Exercise directions
All records below are to be transcribed exactly, with every picture left out.

Source material

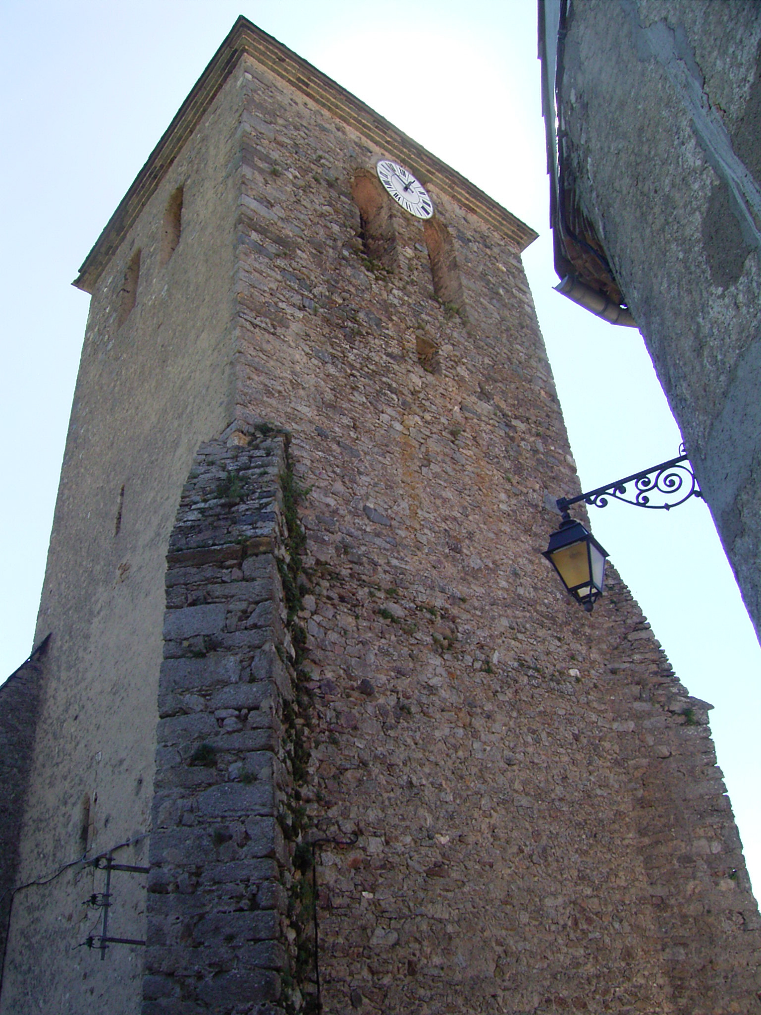 Laymone tower, Saissac, France
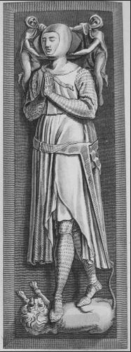 Edmund Crouchback, 1st Earl of Lancaster, 2nd son of King Henry III. Westminster Abbey
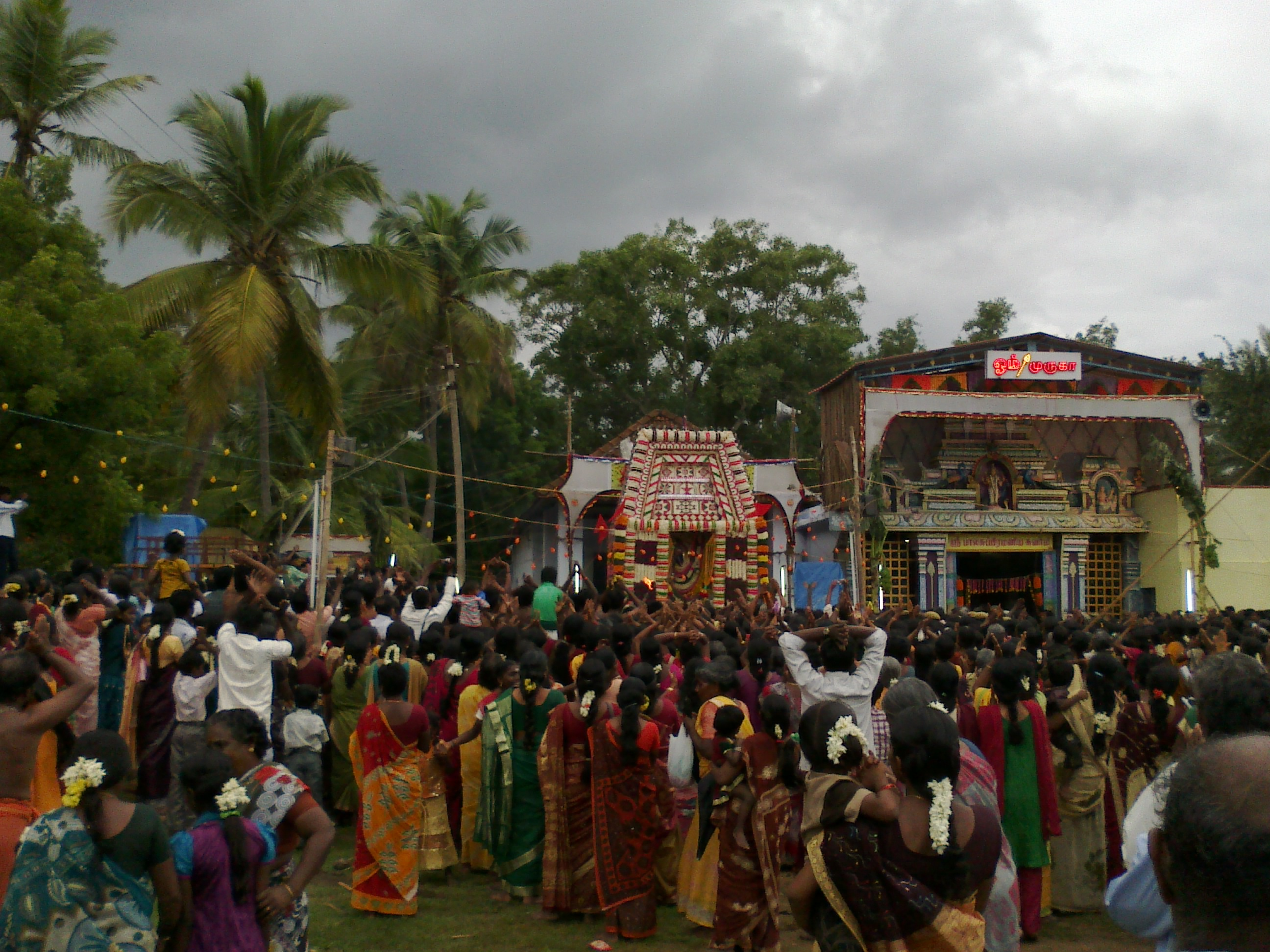 This picture was captured by me during Skanda sasti festival at ayikudi..
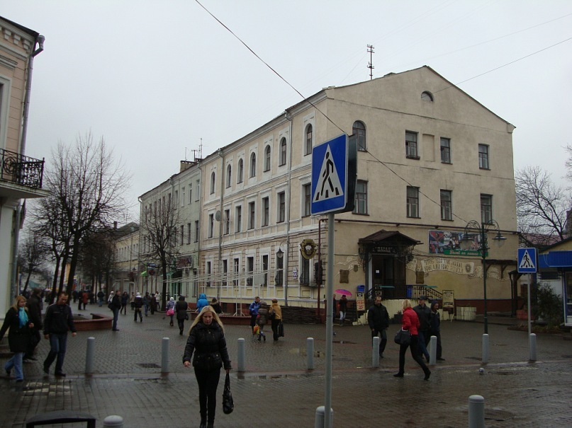 Mahiloŭ - Centre of the city Беларуская (тарашкевіца): Магілёў - Цэнтар места
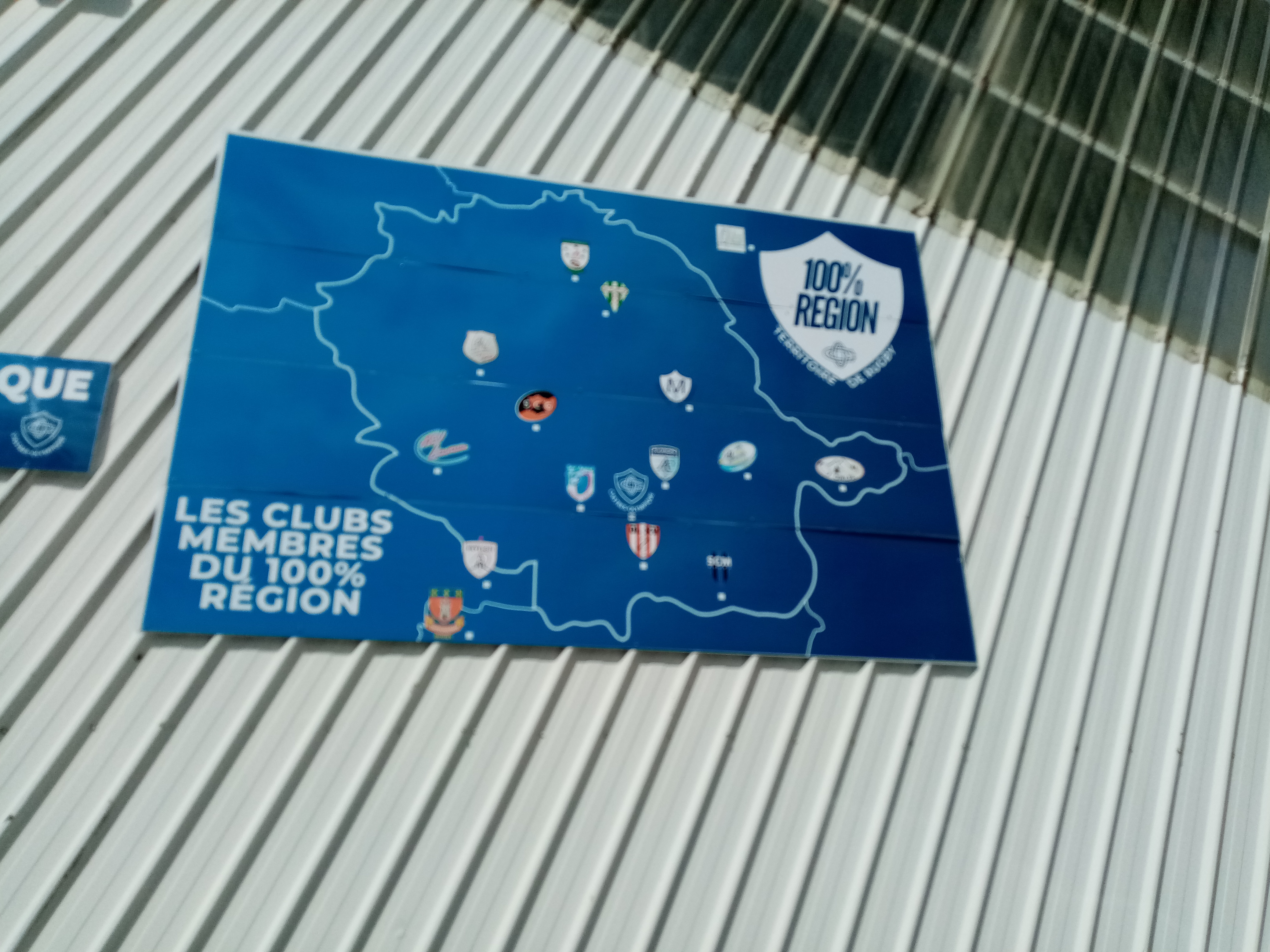 Clubs de rugby du Tarn partenaires du Castres Olympique
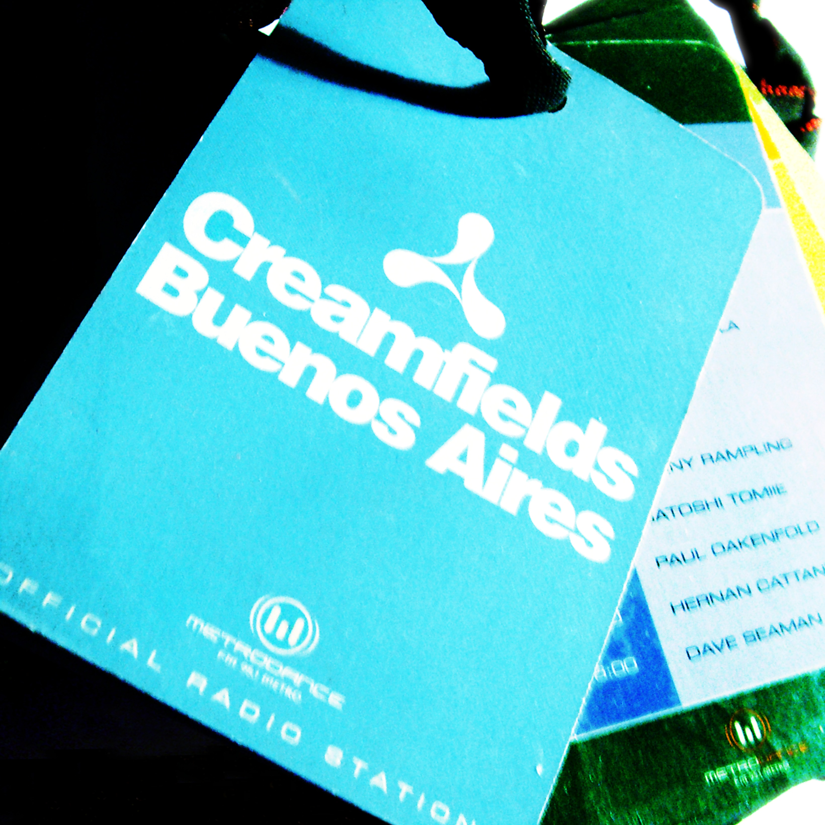 creamfields
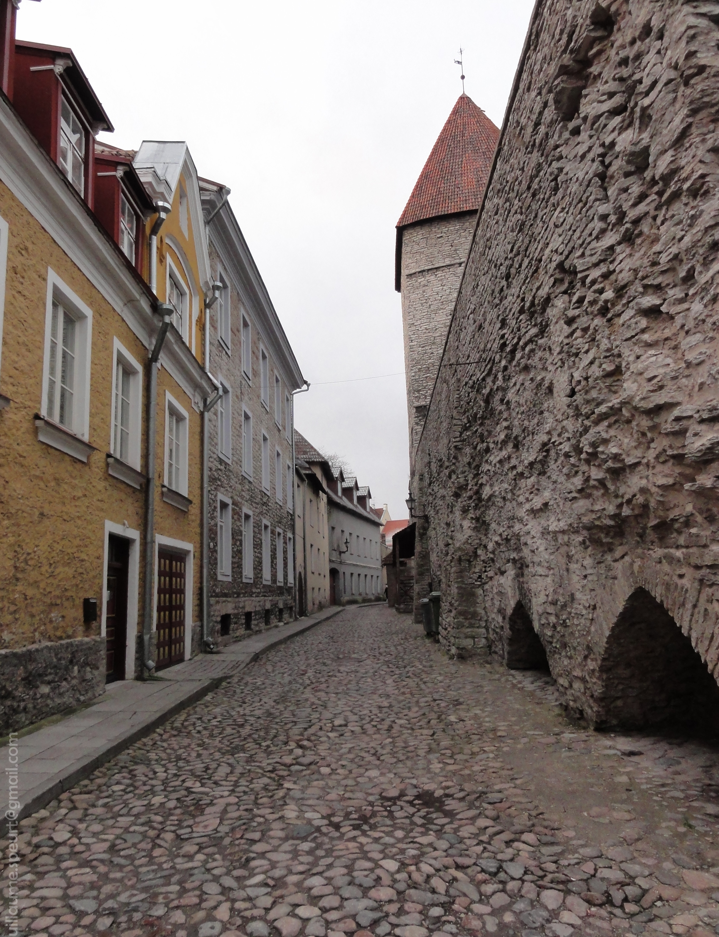 Tallinn, Estonia
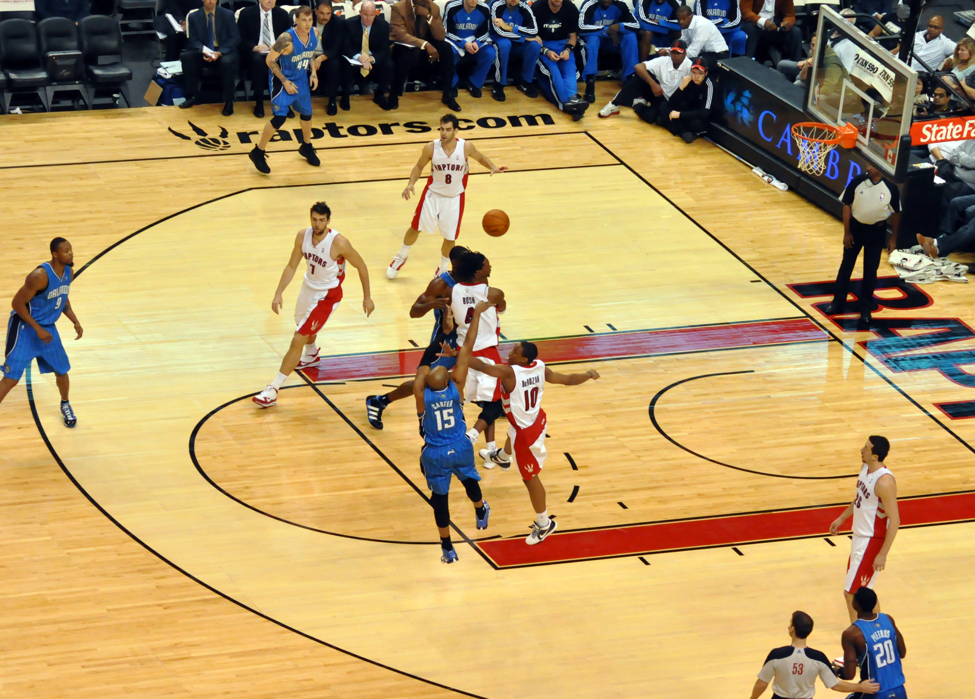 Toronto Raptors v Orlando Magic 2009
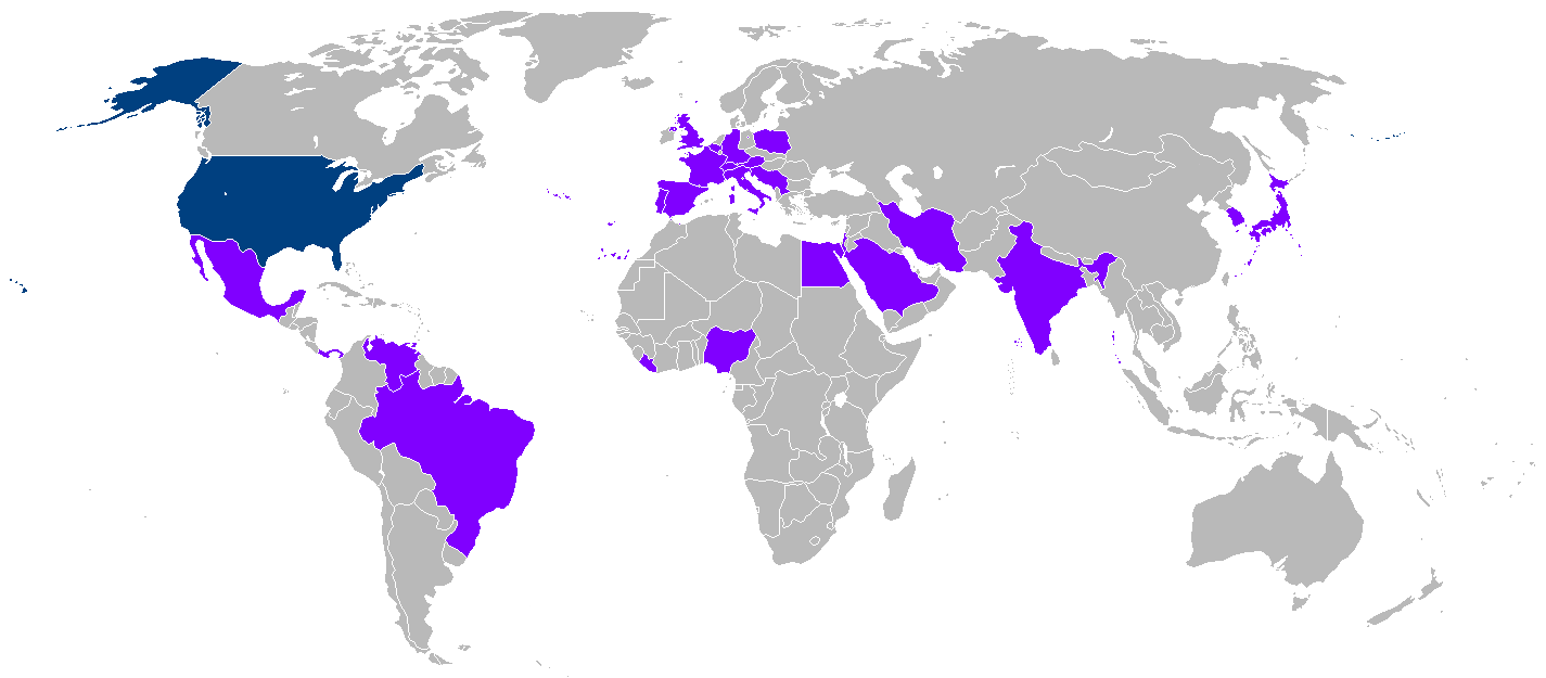 Foreign trips of Jimmy Carter during his presidency.
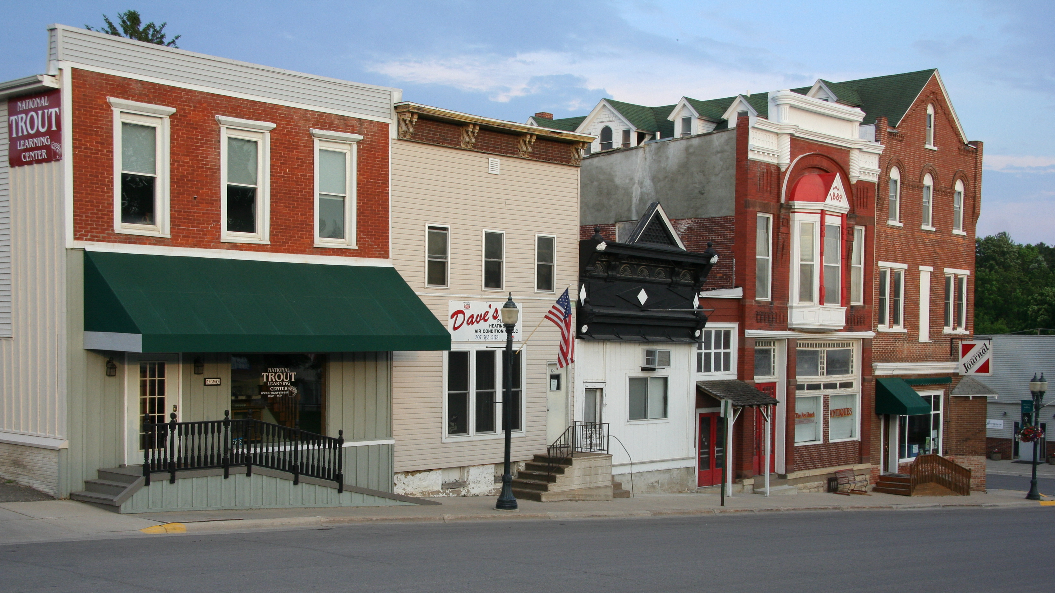 The National Trout Learning Center (left) and a block of commercial buildings seen from the east side of the Fillmore County Courthouse in Preston, Minnesota

Output of the task
 Laymone tower, Saissac, France
 Edmund Crouchback, 1st Earl of Lancaster, 2nd son of King Henry III. Westminster Abbey
 This picture was captured by me during Skanda sasti festival at ayikudi..
 Mahiloŭ - Centre of the city Беларуская (тарашкевіца): Магілёў - Цэнтар места
 Clubs de rugby du Tarn partenaires du Castres Olympique
 creamfields
 Tallinn, Estonia
 Toronto Raptors v Orlando Magic 2009
 Foreign trips of Jimmy Carter during his presidency.
 The National Trout Learning Center (left) and a block of commercial buildings seen from the east side of the Fillmore County Courthouse in Preston, Minnesota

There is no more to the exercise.